Quand j’alerte Sangaris sur un cas précis, je reçois en retour des promesses, rarement suivies d’effets. L’ambassadeur [Charles Malinas], quant à lui, me taxe de parti-pris francophobe, m’accuse de ne pas connaître le sens du mot massacre, s’obstine à dépeindre une situation « difficile mais stable », puis finit par refuser de me parler. Alors même que les services de renseignement français, tant civils que militaires, m’invitent à échanger avec eux.

Quel est, parmi les épisodes dont vous avez été le témoin au long des deux semaines écoulées, le plus significatif à vos yeux?

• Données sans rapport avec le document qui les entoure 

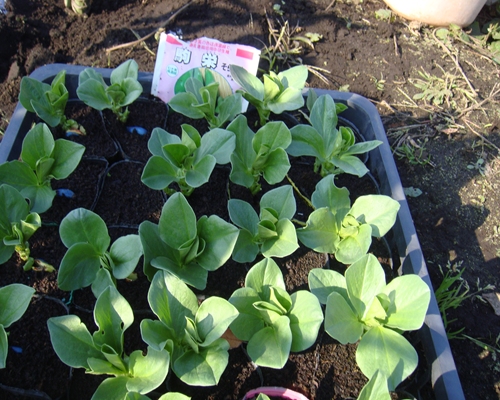 先日の日曜日に、11/3にポットの種蒔きしたソラマメの定植を行いました。順調に成長し、下葉の4枚がしっかりして来ましたの畑に定植したのです。今年もアブラムシ防止用にシルバーマルチを敷きました。シルバーマルチはその反射光が、アブラムシに対して忌避効果があるため、アブラムシが着きにくいので、毎年これを利用しています。そして約40センチメートル毎に穴あけ器で穴あけ。今年も2畝としました。約100本弱を植え付けました。ソラマメの種蒔き、定植時期は慎重を要するのです。あまり早く種蒔きし過ぎると、成長しすぎ、定植後に強い霜に合うとやられて黒変してしまうからです。この冬を無事乗り越え、大きく成長しまたビールのつまみとして堪能したいと願っている農園主です。

La scène a eu lieu le 29 janvier au quartier Combattant, non loin de l’aéroport. Sous le regard d’enfants et les rires de quelques badauds, plusieurs « chrétiens » s’acharnent sur le corps d’un musulman lynché à la machette. Ils lui coupent la main, l’émasculent et placent son sexe dans sa bouche, puis le poignardent à coups de couteaux et de tournevis. Les Français sont à un pâté de maisons de là. Quand je relate l’épisode à leur hiérarchie, on me répond qu’on est ici pour protéger les vivants, pas les morts. Or, la Convention de Genève assimile bien la mutilation de cadavres à un crime de guerre. Ce pays traverse un moment de démence. Laisser des gens agir ainsi, c’est ajouter à la folie.

De quelque bord qu’ils soient, les seigneurs de la guerre locaux redoutent-ils selon vous la justice internationale?
Oui. Un général de la Séléka m’a dit ceci : « Je sais que tu vas m’envoyer à la Cour pénale internationale [de La Haye], mais je ne suis quand même pas responsable des exactions des autres chefs. » La CPI a précisément été créée pour punir le genre de crimes de masse commis en RCA. Et son engagement pourrait avoir un effet significatif sur les acteurs de cette tragédie. Pourquoi ses responsables n’ont-ils pas encore envoyé d’enquêteurs sur place? Posez-leur la question.